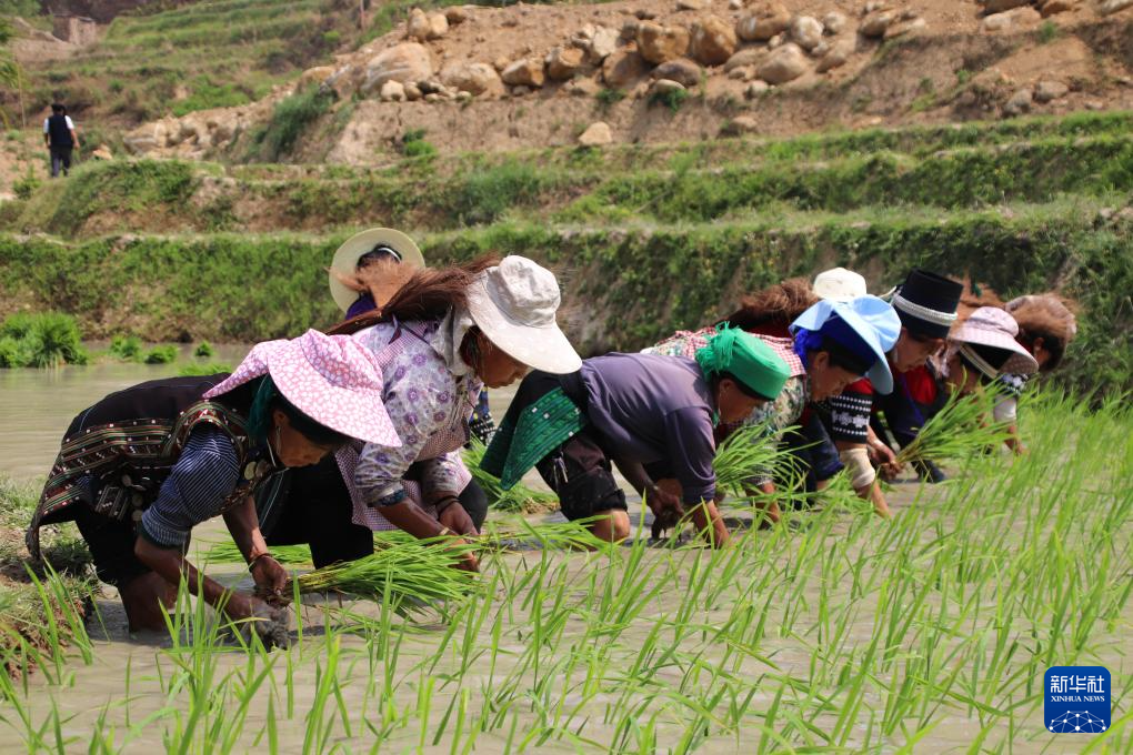 歌声在梯田间飘荡,村民们怀着欢快的心情拔秧、插秧……一排排葱绿的秧苗整齐地排列于田间,微风吹过,秧苗轻轻摇摆,荡漾起无限生机。
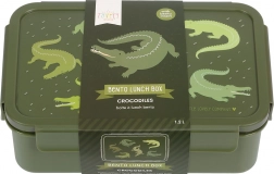 Praktična kutija za užinu s printom krokodila idealna je za školu i izlete. Ima zrakonepropusni poklopac na kvačice i izvadivu posudicu s dvjema pregradama, pa će užine ostati svježe i pregledno organizirane cijeli dan.
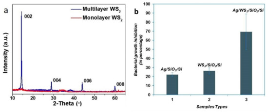 - Kumar, P.; Kataria, S.; Roy, S.; Jaiswal, A.; Balakrishnan, V. Photocatalytic Water Disinfection of CVD Grown WS2 Monolayer Decorated with Ag Nanoparticles. ChemistrySelect 2018, 3, 7648–7655. [Google Scholar] [CrossRef]
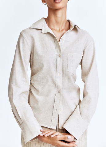 Рубашка из лёгкой, полупрозрачной тканой ткани с полосатым узором. Накладной нагрудный карман, широкие регулируемые манжеты рукавов на 1 пуговице и скругленный верхний/нижний раздел. Длина по спинке примерно 75 см, длина рукава примерно 57 см в размере S; длина по спинке примерно 76 см, длина рукава примерно 59 см в размере L.
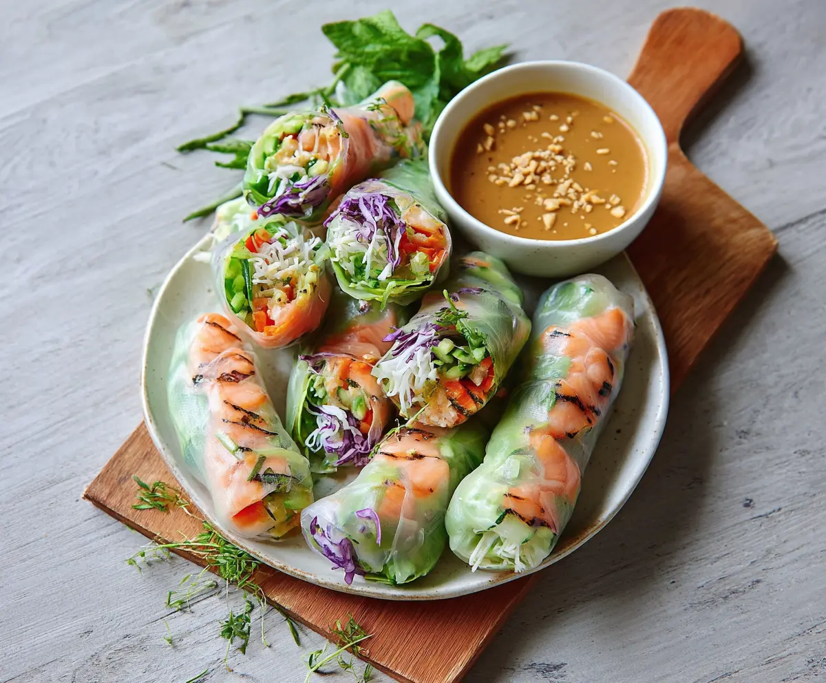 Enjoy your fresh and vibrant Salmon Fresh Spring Rolls with the rich, flavorful peanut sauce!
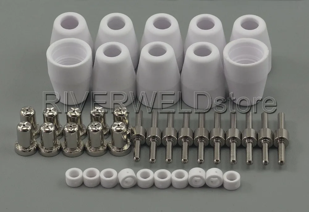 Электроды и насадки никелированные на меди, лучшие проводящие свойства;Эти расходные материалы подходят для PT-31 и LG-40 плазменный резак фонарь;
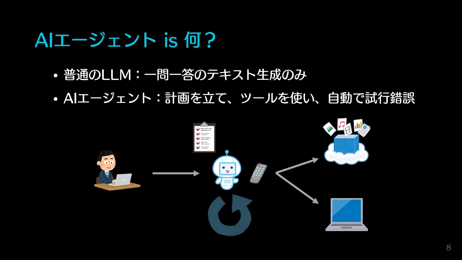 AIエージェント is 何? 普通のLLM:一問一答のテキスト生成のみ AIエージェント:計画を立て、ツールを使い、自動で試行錯誤 8
────────────────────────────────────────
◆ **WHAT IS NEEDED**
Repeat, exactly and in full, every entry in the data, but not the pictures.

◆ **ANSWER TO THIS PROBLEM**
 歌声在梯田间飘荡,村民们怀着欢快的心情拔秧、插秧……一排排葱绿的秧苗整齐地排列于田间,微风吹过,秧苗轻轻摇摆,荡漾起无限生机。
 Praktična kutija za užinu s printom krokodila idealna je za školu i izlete. Ima zrakonepropusni poklopac na kvačice i izvadivu posudicu s dvjema pregradama, pa će užine ostati svježe i pregledno organizirane cijeli dan.
 - Kumar, P.; Kataria, S.; Roy, S.; Jaiswal, A.; Balakrishnan, V. Photocatalytic Water Disinfection of CVD Grown WS2 Monolayer Decorated with Ag Nanoparticles. ChemistrySelect 2018, 3, 7648–7655. [Google Scholar] [CrossRef]
 Рубашка из лёгкой, полупрозрачной тканой ткани с полосатым узором. Накладной нагрудный карман, широкие регулируемые манжеты рукавов на 1 пуговице и скругленный верхний/нижний раздел. Длина по спинке примерно 75 см, длина рукава примерно 57 см в размере S; длина по спинке примерно 76 см, длина рукава примерно 59 см в размере L.
 Enjoy your fresh and vibrant Salmon Fresh Spring Rolls with the rich, flavorful peanut sauce!
 Электроды и насадки никелированные на меди, лучшие проводящие свойства;Эти расходные материалы подходят для PT-31 и LG-40 плазменный резак фонарь;
 AIエージェント is 何? 普通のLLM:一問一答のテキスト生成のみ AIエージェント:計画を立て、ツールを使い、自動で試行錯誤 8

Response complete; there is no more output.